6. If you do get an organic box , you can puree the vegetables you do not especially like. I am not fond of root vegetables and used to give or throw them away. But now I puree pumpkin, turnip, swede, fennel or celeriac, freeze the purees, and then later cook them in other dishes. Shepherd’s pie with pureed pumpkin is particularly delicious, and any of these purees go well in beef stew.
7. However, if you cannot afford organic food, don’t worry too much. Try and buy only organic meat, vegetables and fruit, because these are the most important foods. If you cannot afford those, stick to British grown, seasonal types, because these should be cheaper and more nutritious . In times to come, when the economy improves, you can buy more quality foods and strengthen your health again.
8. When you make a stew, shepherd’s pie, pasta bake etc., save the leftovers in the plastic boxes from takeaway meals and put them in the fridge or freezer. They are the perfect containers for leftovers. Then you can defrost and reheat them while still in the box, saving washing up and time. This is particularly useful if you have young children, because any smaller amount leftover can make the perfect sized meal for them and you can add cheese or whatever to make them more appealing.
9. When you have roast chicken or beef, you can save the cold meat for sandwiches the next day. You can also boil the chicken carcass up to make a base for soup, or to add to stew. It only takes a couple of hours and as long as you ventilate the kitchen well, your house shouldn’t smell too ‘chicken-y’.
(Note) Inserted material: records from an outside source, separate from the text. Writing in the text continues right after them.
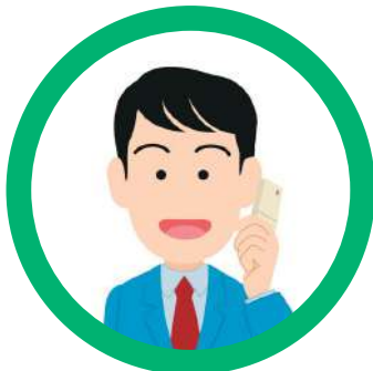
仕事や出張中 のお父さんへ

※月額350円は標準定価となります。 導入する条件によっては 料金が変動する場合があります。
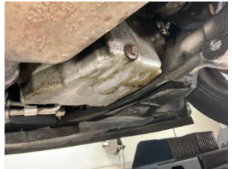
3. Utvendig tilstand motor
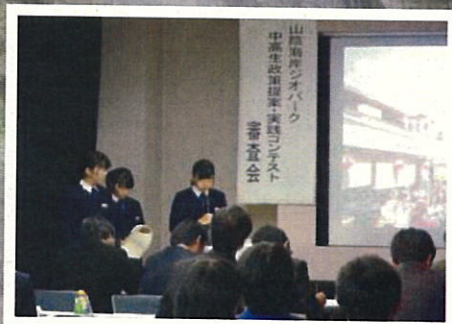
↑昨年度の発表の様子
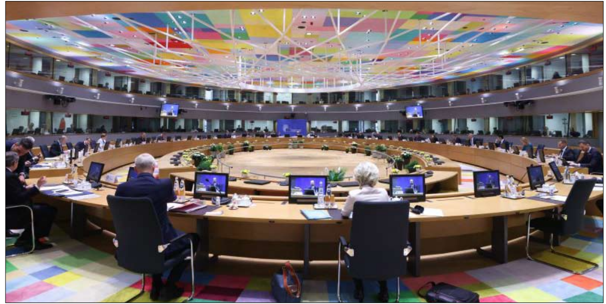
الانتماء الأوروبي أكبر نقطة تباين
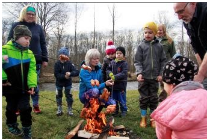
Za odměnu si každý opekl špekáček. A děti dostaly i melounové lízátko.

Celá fotogalerie ke shlédnutí na fb města rabí bit.ly/MSRabiMorana2023
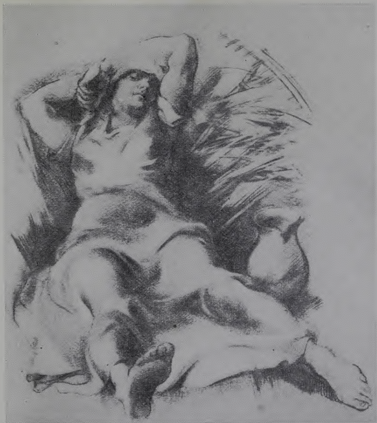
OSKARS NORITIS Bija vasara
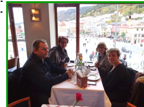
Déjeuner de travail dans un bien joli décor
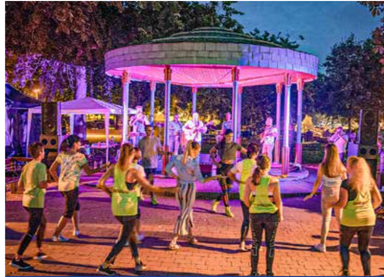
Szombat esti tánc
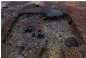
第77号住居跡遺物出土状況(西方向から)
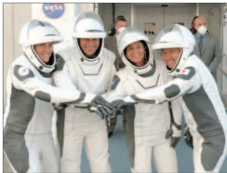
В экипаже с Анной Кикиной - японец из JAXA Коити Ваката, а также астронавты NASA Джош Кассада и Николь Манн перед полетом. Члены экипажа уже встретились с родными, и направились на историческую стартовую площадку LC-39A Космического центра им. Кеннеди на специально подготовленных автомобилях Tesla Model X
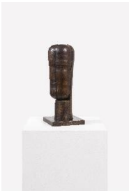
Joannis Avramidis „Kopf II“, 1966

Bild: Galerie bei der Albertina ▪ Zetter
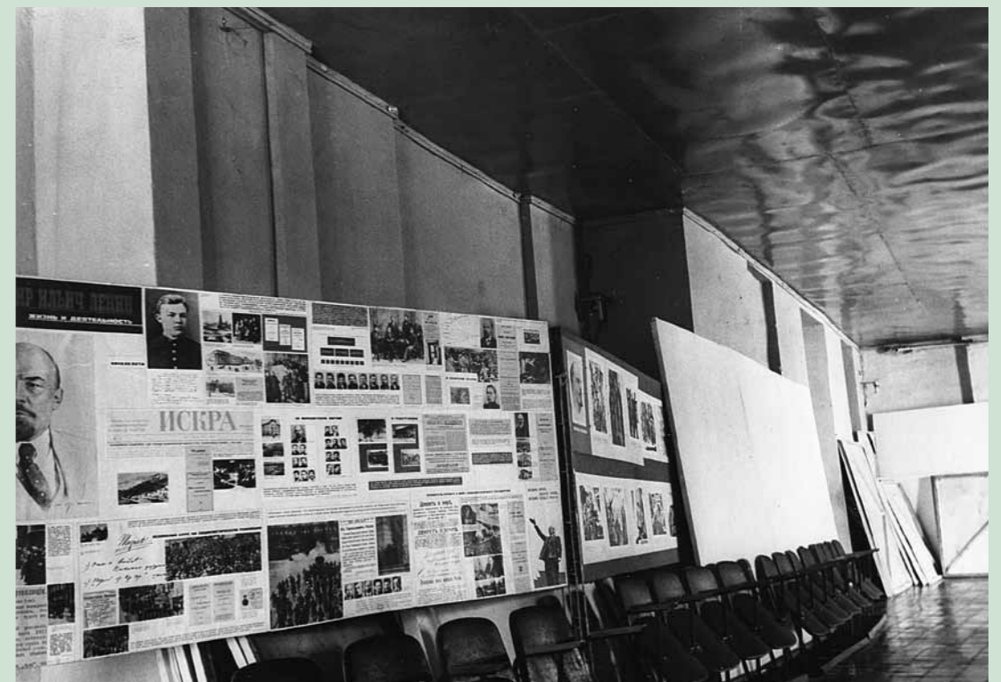
Дом культуры – бывший Димитриевский храм в Каменке. 1981 г.
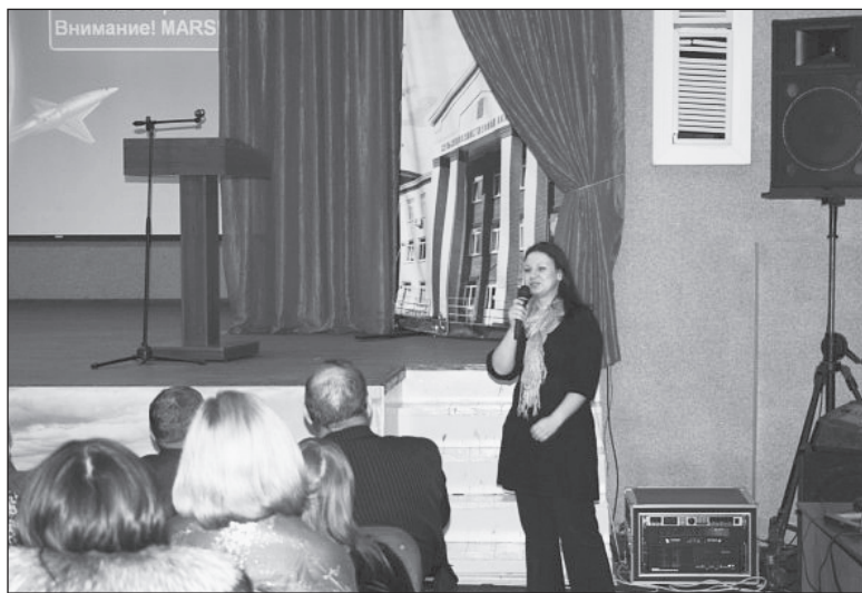
Свои требования представители компаний озвучили на ярмарке вакансий

фективность профессиональной деятельности специалиста оказывают: практические знания, умения и способность работать в коллективе, команде - этот фактор подчеркнули 80% респондентов; профессиональная общетеоретическая подготовка - 76%; уровень базовых знаний, умений и готовность к дальнейшему обучению - 64%; навыки работы на компьютере, знание необходимых программ - 56%; способность воспринимать и анализировать новую информацию, развивать новые идеи - 48%; умение представлять себя и результаты своего труда, эрудированность, общая культура и осведомленность в смежных областях полученной специальности - 40%; нацеленность на карьерный рост, профессиональное развитие и навыки управления персоналом - 32%. Примечательно, что в этом году по сравнению с 2009-м в два раза больше работодателей указало на необходимость владения иностранным языком.

10. Buy ready salted or plain crisps for snacks. They are least likely to contain wheat flour or milk powder, and if you buy the ones from the supermarket’s own cheapest brand range, they will only cost a few pence. Crisps are junk food anyway so why spend lots of money on quality brands?
I hope these tips help. I have found that even small alterations to my buying and eating habits have made significant differences to my finances.